Assignment: For the data that follows, report how many lines contain the word "Đoàn", and nothing else.

╭─ Data records

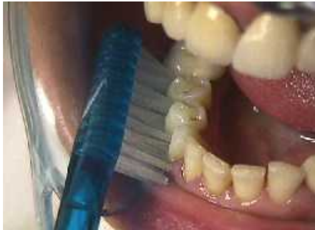
Fig. 2. Técnica de Bass.
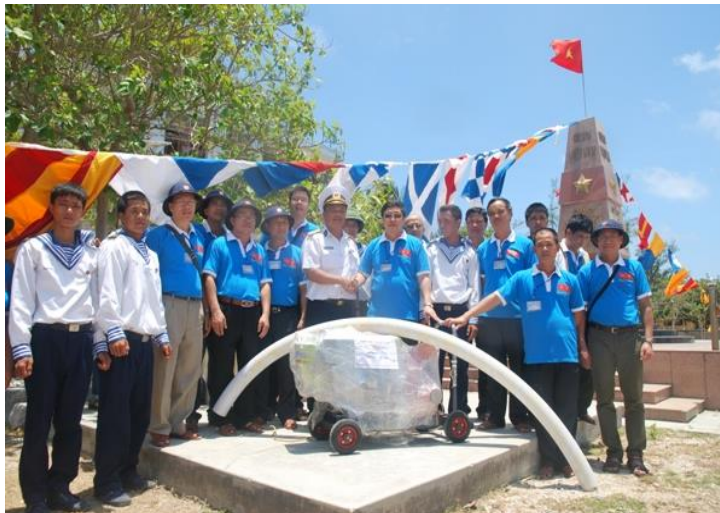
Đoàn đại biểu DUNN tặng máy bơm nước mặn cho đảo Song Tử Tây 4/2015.

Những ngày cuối tháng 4/2015, chúng tôi được Đảng ủy Ngoại nước chọn tham gia Đoàn Công tác 06 đi thăm, động viên cán bộ, chiến sĩ và nhân dân quần đảo Trường Sa. Trên chuyến tàu HQ561, 14 đại biểu đến từ 9 nước (Úc, Mỹ, Hàn Quốc, Pháp, Đức, Ba Lan, Ăng-gô-la, Nga và Séc) của đoàn Đảng ủy Ngoại nước được phân công sinh hoạt tại phòng D7. “Đơn vị” chúng tôi ra đời từ đó.
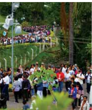
Via Sacra no Morro do Cruzeiro - Sábado
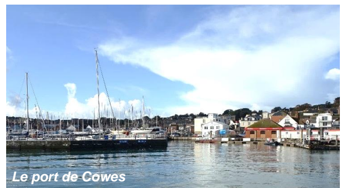
Le port de Cowes
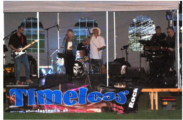
Foto: Die Gruppe Timless Rock sorgte mit tollem Rock'n Roll Songs für beste Stimmung
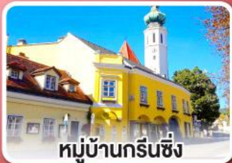
หมู่บ้านกรีนซิง
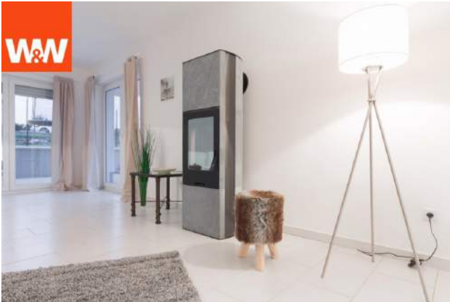
Wohnzimmer mit Kamin
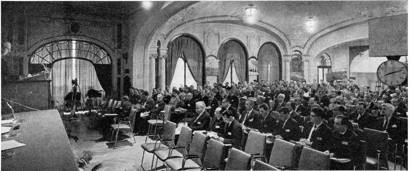
Fig. 1. Eröffnungssitzung des 3. Internationalen Fernseh-Symposiums. Am Rednerpult der Präsident der schweizerischen PTT-Betriebe, Dipl. Ing. G. A. Wettstein

Betrieb werden die beiden Fahrzeuge mit sechs Mehrfachkabeln miteinander verbunden. Als weitere Entwicklung für das Schweizer Fernsehen wurde ein kleiner Reportagewagen mit nur einer oder höchstens zwei Kameras erwähnt, der sich bei Sportübertragungen, die sich auf einem eng begrenzten Raum abspielen, bei Interviews oder als Satellit eines grossen Reportagewagens sehr gut eignet und mit einem Minimum an Bedienungspersonal auskommt. In nächster Zeit wird schliesslich noch eine weitgehend transistorisierte Anlage geschaffen, die, in Transportkisten eingebaut, leicht überall dorthin gebracht werden kann, wo die normalen Reportagezüge nicht hingelangen können. Es zeigt sich, dass der ursprüngliche Reportagewagen immer mehr spezialisiert wird: einerseits werden Wagen für studiogemässe Übertragungen geschaffen, andererseits wird die Ausrüstung immer mehr in kleine Einheiten aufgeteilt.
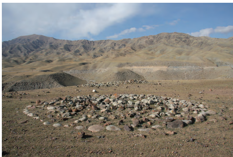
图一二 鄂托克赛检查站西南1号墓群

头平铺在地表平面上，形成一个圆形或近似圆形的墓葬。像布呼乌苏墓群中的墓葬（图一一）和鄂托克赛检查站西南1号墓群（图一二）里都有此类墓葬。另外，还有些类似但似乎被破坏而留下的不规则的平铺的石砌墓也应归于此类。由于该类墓葬的石块是平铺在地面上的，所以，往往在中央部分会露出石棺。目前，对这类墓葬的发掘十分有限，仅见阿敦乔鲁一例，编号为M1。阿敦乔鲁M1是一圆形平铺的石砌墓葬，中央是几乎建在地表上的石棺，石棺中有二次葬的人骨。人骨的碳同位素AMS测定其年代为距今 3253 \pm 27 年，经Oxcal校正后为1605BC—1581BC，即公元前17至前16世纪。当然，不能排除此类墓葬还有其他年代的可能，但至少目前已知的资料证明，该类墓葬的年代上限可到青铜时代的晚期。温泉县境内存在一定数量的此类墓葬，但目前在各地区的考古调查中几乎不见对该类墓葬的报道，这很有可能是将此类墓统统归入了石堆墓。我们建议应区别对待，因为其显著的特点不同于上述的石堆墓，而这些不同很可能代表了不同文化性质和年代。
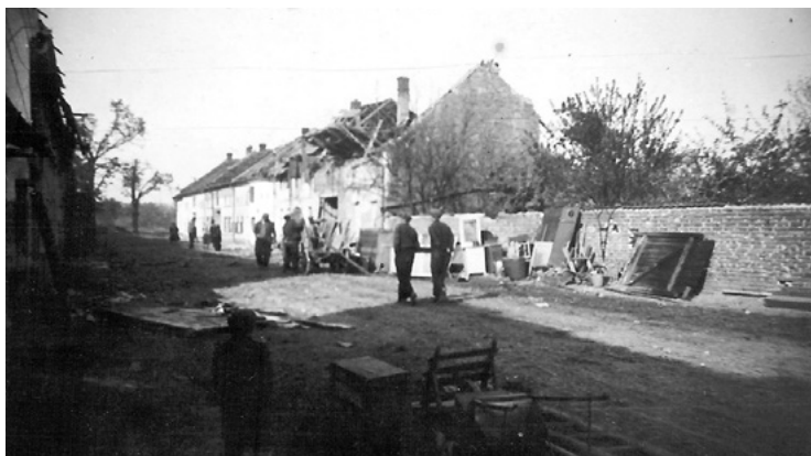
Poškozené domy na Floriánské ulici. V popředí dům Koutných (č. p. 117) zasažený leteckou bombou.
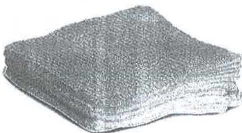
Fig. 1 (No incluye diseño)
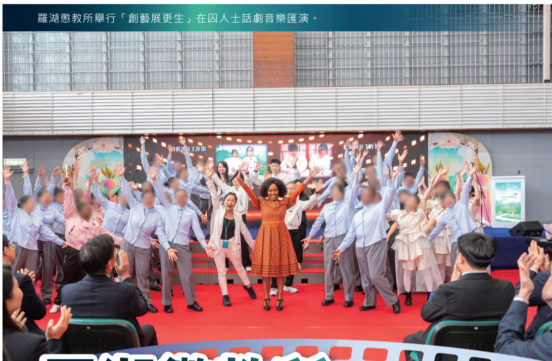
羅湖懲教所舉行「創藝展更生」在囚人士話劇音樂匯演。

本署於3月4日邀請來自5間學校超過150名中學師生到羅湖懲教所，欣賞懲教先鋒計劃下的「創藝展更生」在囚人士話劇音樂匯演，並邀請香港山西總會會長吳騰擔任主禮嘉賓。

╰─

Exercise answer: 2